• _Try it_
Could you transcribe every record below exactly, leaving out the pictures?
***** Records for this task
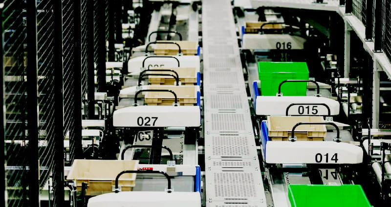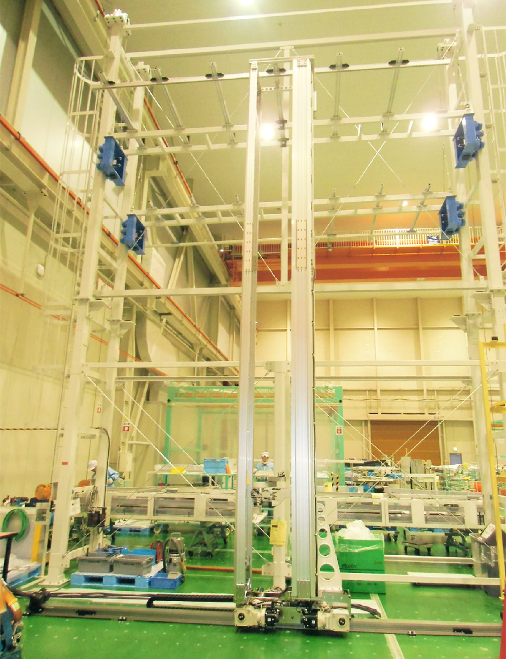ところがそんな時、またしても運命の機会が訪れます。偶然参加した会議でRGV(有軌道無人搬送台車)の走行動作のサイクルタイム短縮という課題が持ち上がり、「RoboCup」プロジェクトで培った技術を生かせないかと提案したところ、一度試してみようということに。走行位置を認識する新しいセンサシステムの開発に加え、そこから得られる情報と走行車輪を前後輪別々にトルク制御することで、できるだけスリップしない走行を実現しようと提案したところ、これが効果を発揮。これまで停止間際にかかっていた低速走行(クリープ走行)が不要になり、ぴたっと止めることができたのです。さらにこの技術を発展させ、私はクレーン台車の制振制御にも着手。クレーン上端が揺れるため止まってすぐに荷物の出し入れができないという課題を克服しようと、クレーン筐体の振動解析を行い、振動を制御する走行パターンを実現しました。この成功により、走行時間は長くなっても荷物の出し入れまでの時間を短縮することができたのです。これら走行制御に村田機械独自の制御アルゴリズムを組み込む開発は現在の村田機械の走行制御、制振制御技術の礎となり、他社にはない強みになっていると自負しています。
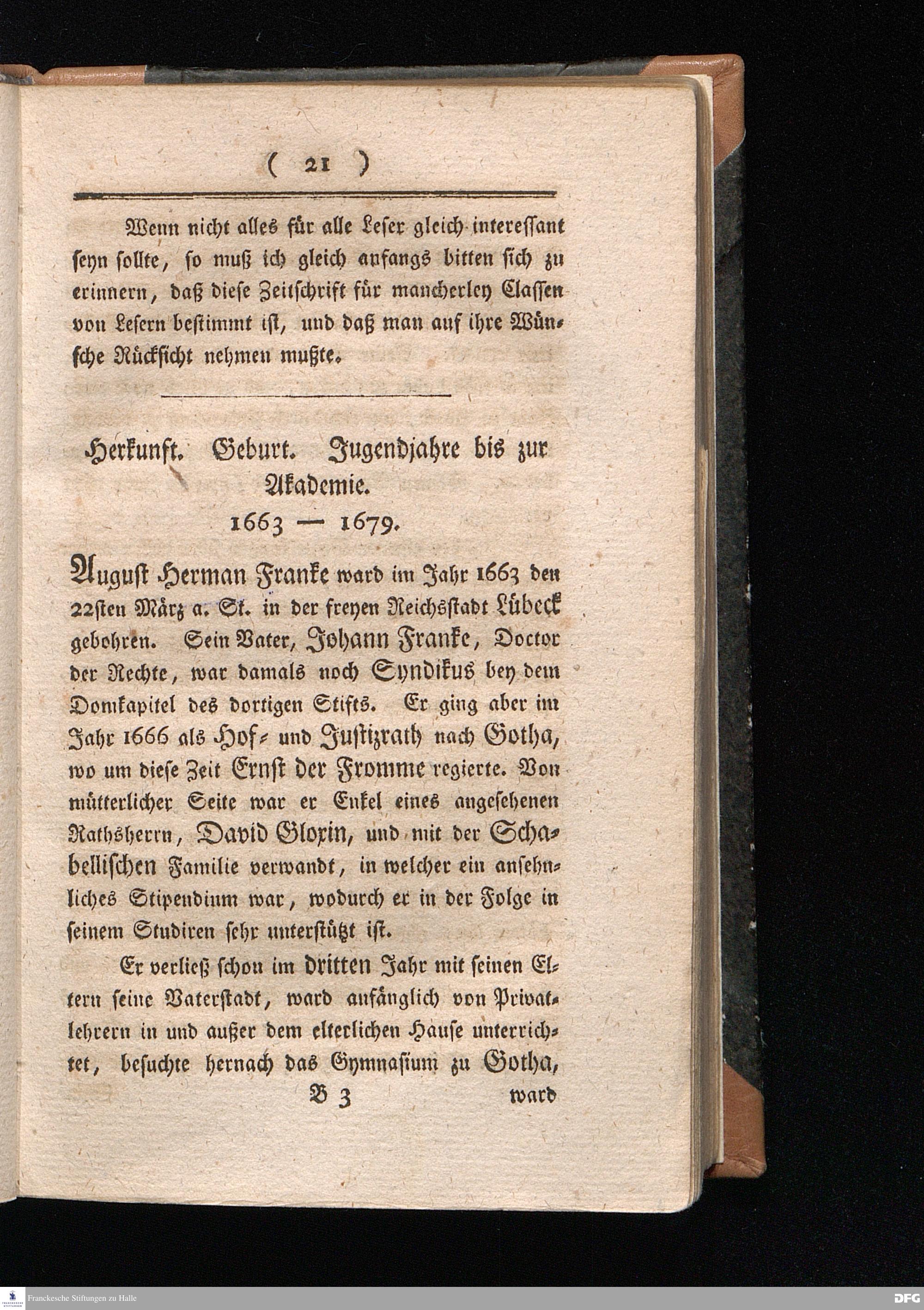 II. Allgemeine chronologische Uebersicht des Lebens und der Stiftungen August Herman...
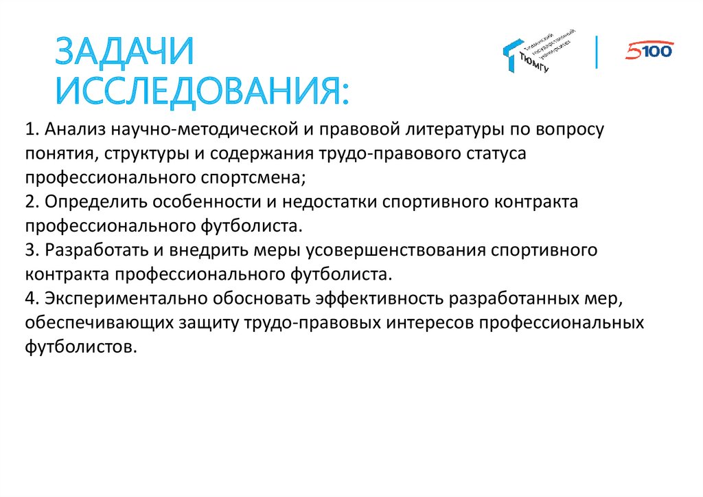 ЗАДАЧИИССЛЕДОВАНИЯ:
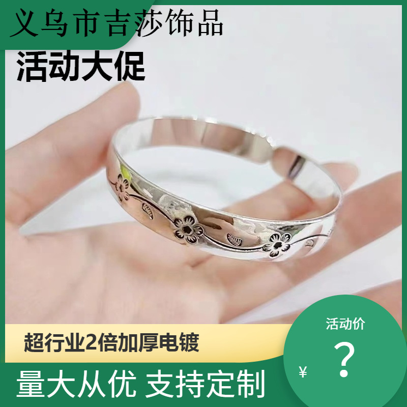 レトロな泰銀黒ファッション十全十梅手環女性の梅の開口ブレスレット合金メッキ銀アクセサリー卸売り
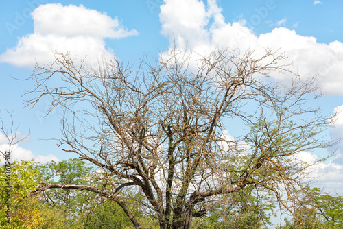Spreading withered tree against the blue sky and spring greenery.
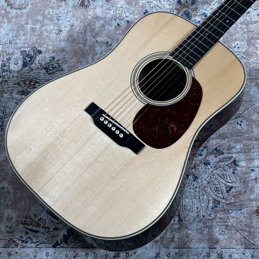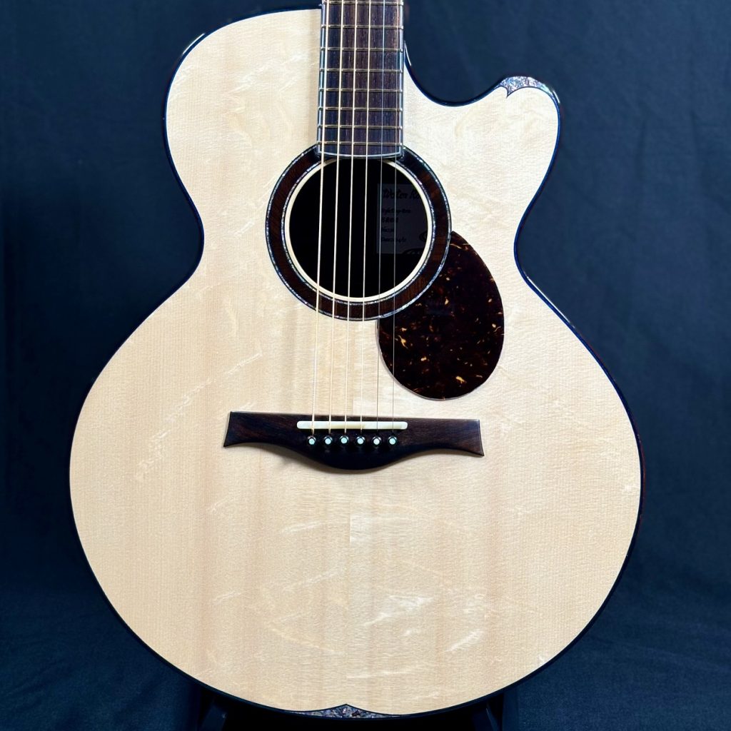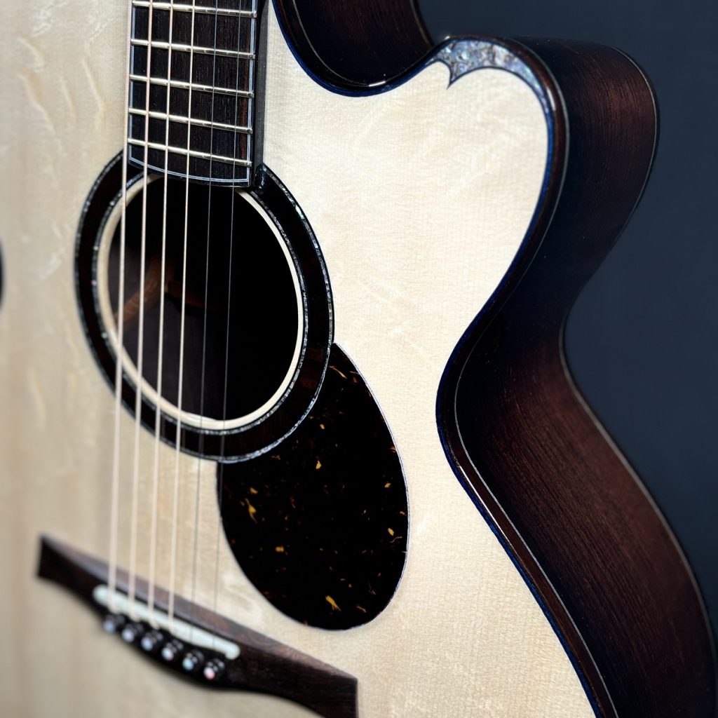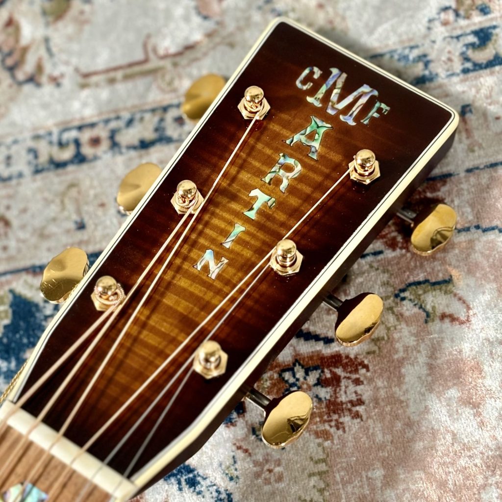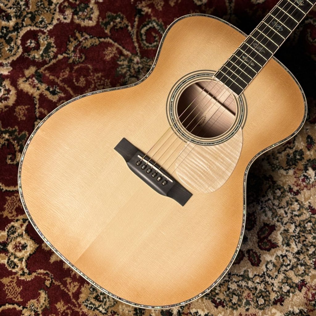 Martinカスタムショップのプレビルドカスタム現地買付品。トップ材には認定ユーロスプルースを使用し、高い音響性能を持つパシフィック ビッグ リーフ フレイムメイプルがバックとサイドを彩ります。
**********
• _Your solution_
ところがそんな時、またしても運命の機会が訪れます。偶然参加した会議でRGV(有軌道無人搬送台車)の走行動作のサイクルタイム短縮という課題が持ち上がり、「RoboCup」プロジェクトで培った技術を生かせないかと提案したところ、一度試してみようということに。走行位置を認識する新しいセンサシステムの開発に加え、そこから得られる情報と走行車輪を前後輪別々にトルク制御することで、できるだけスリップしない走行を実現しようと提案したところ、これが効果を発揮。これまで停止間際にかかっていた低速走行(クリープ走行)が不要になり、ぴたっと止めることができたのです。さらにこの技術を発展させ、私はクレーン台車の制振制御にも着手。クレーン上端が揺れるため止まってすぐに荷物の出し入れができないという課題を克服しようと、クレーン筐体の振動解析を行い、振動を制御する走行パターンを実現しました。この成功により、走行時間は長くなっても荷物の出し入れまでの時間を短縮することができたのです。これら走行制御に村田機械独自の制御アルゴリズムを組み込む開発は現在の村田機械の走行制御、制振制御技術の礎となり、他社にはない強みになっていると自負しています。
 II. Allgemeine chronologische Uebersicht des Lebens und der Stiftungen August Herman...
 ЗАДАЧИИССЛЕДОВАНИЯ:
 レトロな泰銀黒ファッション十全十梅手環女性の梅の開口ブレスレット合金メッキ銀アクセサリー卸売り
Spreading withered tree against the blue sky and spring greenery.
 Martinカスタムショップのプレビルドカスタム現地買付品。トップ材には認定ユーロスプルースを使用し、高い音響性能を持つパシフィック ビッグ リーフ フレイムメイプルがバックとサイドを彩ります。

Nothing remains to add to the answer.